Coalition urges National Assembly to probe alleged ceding of waterways to Israeli firm


A coalition of civil society groups has urged the National Assembly to probe the ceding of Nigerian coastal waterways to an Israeli firm.

In a petition to the lawmakers, the group disclosed that the contract was awarded to HSLI security firm and technologies at the cost of $195millon.

Solomon Adodo, Yomi David, and Suleiman Musa, issued the statement on behalf of Unemployed Youth Initiative, Transparency Advocacy for Development Initiative and Independent Public Service.

According to them, the move contravenes the provision of the 1999 Constitution of the Federal Republic of Nigeria, which empowered the Armed Forces to defend Nigeria on land, sea and air.

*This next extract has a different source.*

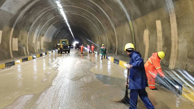 由於當晚雨太大,隧道口的泥石流不斷下泄,為保障安全,經區現場指揮領導同意,立即切斷隧道供電,並由區交警設置標牌標誌封閉該隧道通行。

They argued that the ceding of the waterways to a foreign firm, as confirmed by the Minister of Transport, Rotimi Amaechi, was an aberration.They described it as a threat to the country’s sovereignty and a grave danger to national security.

The coalition of 11 civil society groups had further alleged that the Minister of Defence, Dan-Ali Mohammed, planned to cede other national facilities.They cited the planned ceding of the constitutional powers of the Nigerian Navy to Shorefac Consortium Limited, in exchange for the delivery of 100 fast boats to the Nigerian Navy.

According to the group, the decision, which would be presented to the Federal Executive Council (FEC) meeting next week, was taken in collaboration with some foreign firms.

The coalition cautioned that the decision would throw the Nigerian Navy out of our waterways, adding that to recoup its investment, Shorefac Consortium would be technically dedicated to the maintenance of the vessels, while acting in another capacity as a commercial partner to the Navy. 

They further alleged that the desperate move to remove the navy from policing the waterways was to steal and divert crude oil through the back door.They said: “If the waterways are not effectively policed by the navy, the implication is that those involved in the plot are trying to create some loophole to make gains.”

The group disclosed that the plan would negate the provision of part 1, section 4, particularly sub-section A of the Armed Forces Act, which provides that: “The navy shall in particular, be further charged with enforcing and assisting in coordinating the enforcement of all customs, laws including anti-bunkering fishery and immigration laws of Nigeria at sea.

They expressed concern at the implication of a sovereign nation ceding the control of its waterways to foreign entities without considering the inherent danger.